The Creative Side of Acting
The core of your craft as an actor is performance, but the deeper element certainly shouldn’t be forgotten: the CREATIVITY of it all – what goes far beyond just ‘acting’ something out, beyond playing pretend. We’re talking about developing your character, constructing some semblance of a backstory or drawing inspiration for your roles. This is all about seizing your control as an artist and using your creative license to add depth to the roles you play and the scenes you act out. Sometimes it can be easy to fall into a routine and forgot the depth and dimension that exists within your craft.
We found a great, concise piece on Developing Your Intuition To Enhance Your Acting Performance, which delves into honing your creative power and practicing a conscious focus shift. Here’s our favorite excerpt that speaks volumes to this concept:
“You need to move away from your ego to stay in a creative state.
“Anytime you’re shifting the focus back to yourself, you’re shutting down creative potential. It’s difficult to achieve a consistent openness, letting things flow through you, without your own judgments, your own personal history, or how you think it should be, interfering with that.
“Our thinking mind is different than our feeling mind, and if we start thinking, we shut down creative expression – for actors, anyway.”
Be sure to check out this fantastic interview with film acting teacher Jennifer Lehman On Awareness and Creative Expression, where professionals discuss the motivation behind strong creative acting.
“Creative living is life at a higher state of being than we operate on every day, although I’m finding you can live in that altered state without it making you crazy.
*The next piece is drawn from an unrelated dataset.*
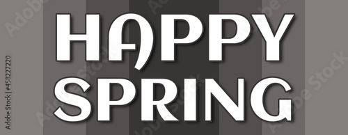 happy spring - text written on grey striped background

But we’re walking every day on a pretty low level of energy, and we also have a lot of conditioning that places a burden on the energy.
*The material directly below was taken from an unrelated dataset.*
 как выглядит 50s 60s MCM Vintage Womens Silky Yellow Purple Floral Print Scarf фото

“You can see in a cold reading that when people work full-bore with their energy, the words fly off the page – it’s like the pages disappear. One student just commented that she didn’t know how she got a whole paragraph with one glance – but that’s an altered state, an expanded state of awareness.”
Next time you take on a big role, focus on the creative elements by developing a backstory, doing character research (or circumstance/experience research), and delve deep into who you’re becoming. Perhaps not as radical as method acting, this immersive method allows you to connect on a deeper level and really sell an authentic performance. That sets you apart from the rest of the pack – authenticity, education, confidence, and familiarity.